# Circular Motion and Static Friction Problem The Wall of Death ride

1. Mar 2, 2013

### jklops686

Circular Motion and Static Friction Problem.. "The Wall of Death" ride

1. The problem statement, all variables and given/known data

A fairground ride called "The Wall of Death" consists of a cylindrical
container of internal diameter 6.50m, mounted on a cylindrical axis.
The passengers feel as if they are being pushed against the wall as the container
begins to rotate. Eventually, the floor is lowered, leaving the miserable passengers
pinned to the wall, apparently defying gravity. When the ride slows down, the
passengers just begin to slide down the wall when they are rotating at 0.400
revolutions per second. Calculate the coefficient of static friction between the wall
and the passengers' backs.

2. Relevant equations

max static friction=coefficient*normal force?

v= 2pi*r/T

3. The attempt at a solution

I calculated how long it takes to go around in one second (period T) .4x=1 So, 1 rev=2.5 seconds. Now that I have T I also calculated the tangential velocity using the equation above and got 8.17m/s.
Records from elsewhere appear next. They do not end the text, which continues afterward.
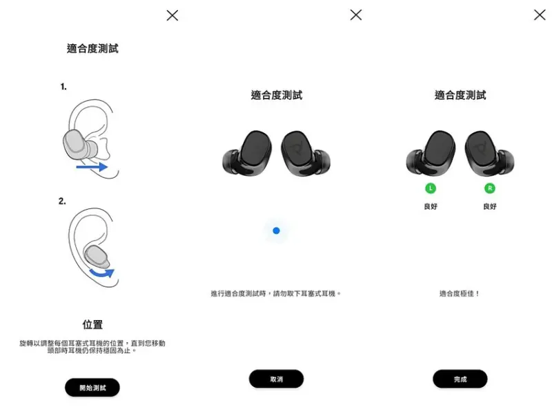 - 步驟3:若貼合度不佳,可嘗試更換 XS、S、M、L 耳塞,直到系統顯示「貼合度良好」。
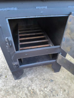 Буржуйка малая 3 мм Дровяная отопительная буржуйка толщиной 3 мм. Размер: 41/41/31 см. Покрашена термостойкой краской Certa 1100°. Есть боковые ручки для переноса. Внутри камеры сгорания отсекатель воздуха. Так же отдельно есть в продаже стальные трубы дымохода.
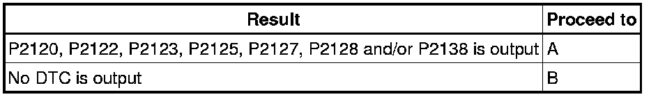 When DTC P2120, P2121, P2122, P2123, P2125, P2127, P2128 or P2138 is stored, the ECM enters fail-safe mode. If either of the 2 sensor circuits malfunctions, the ECM uses the remaining circuit to calculate the accelerator pedal position to allow the vehicle to continue driving. If both of the circuits malfunction, the ECM regards the accelerator pedal as being released. As a result, the throttle valve is closed and the engine idles.
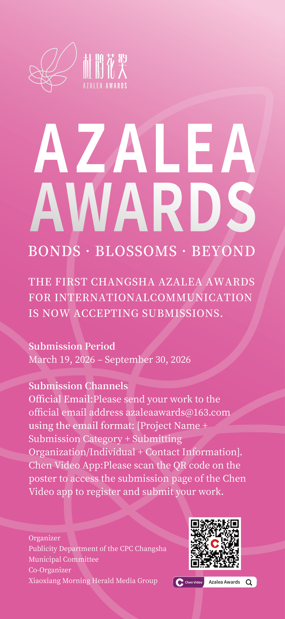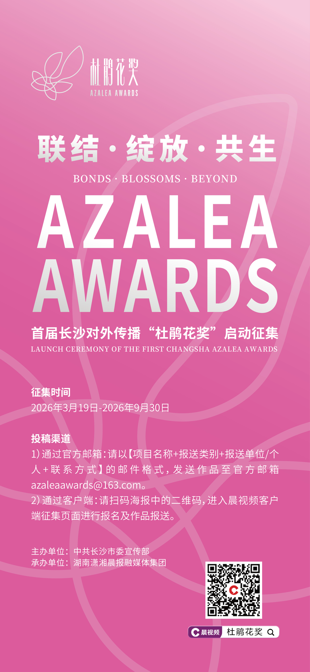 目前,首届长沙对外传播“杜鹃花奖”征集通道已正式开启,诚邀全球各界人士踊跃参与,用镜头捕捉长沙风采、用文字传递城市温度、用创意搭建沟通桥梁,让更多人听见长沙声音、看见长沙魅力,共同书写长沙与世界“美美与共”的传播篇章。

I think the friction force would be set up as v-f=0 (used free body diagram...tangential velocity and friction cancel out to equal zero?) Which would mean force of friction is 8.17 too. I'm not sure if this is correct, but anyways, i don't know how to find the coefficient of static friction. I would think you would need to know the mass of the person.

2. Mar 2, 2013

### rude man

Balance the centripetal force with the force of static friction. Don't need mass.

3. Mar 2, 2013

### jklops686

how do I do that? Doesn't the equation for static friction need mass to find normal force?

4. Mar 2, 2013

### haruspex

Yes, but it doesn't matter what the mass is for this question. Just write it as 'm'. It will cancel out.

5. Mar 3, 2013

### rude man

Well, yes, but so does the expression for centripetal force. If you're really lucky they might cancel each other out ...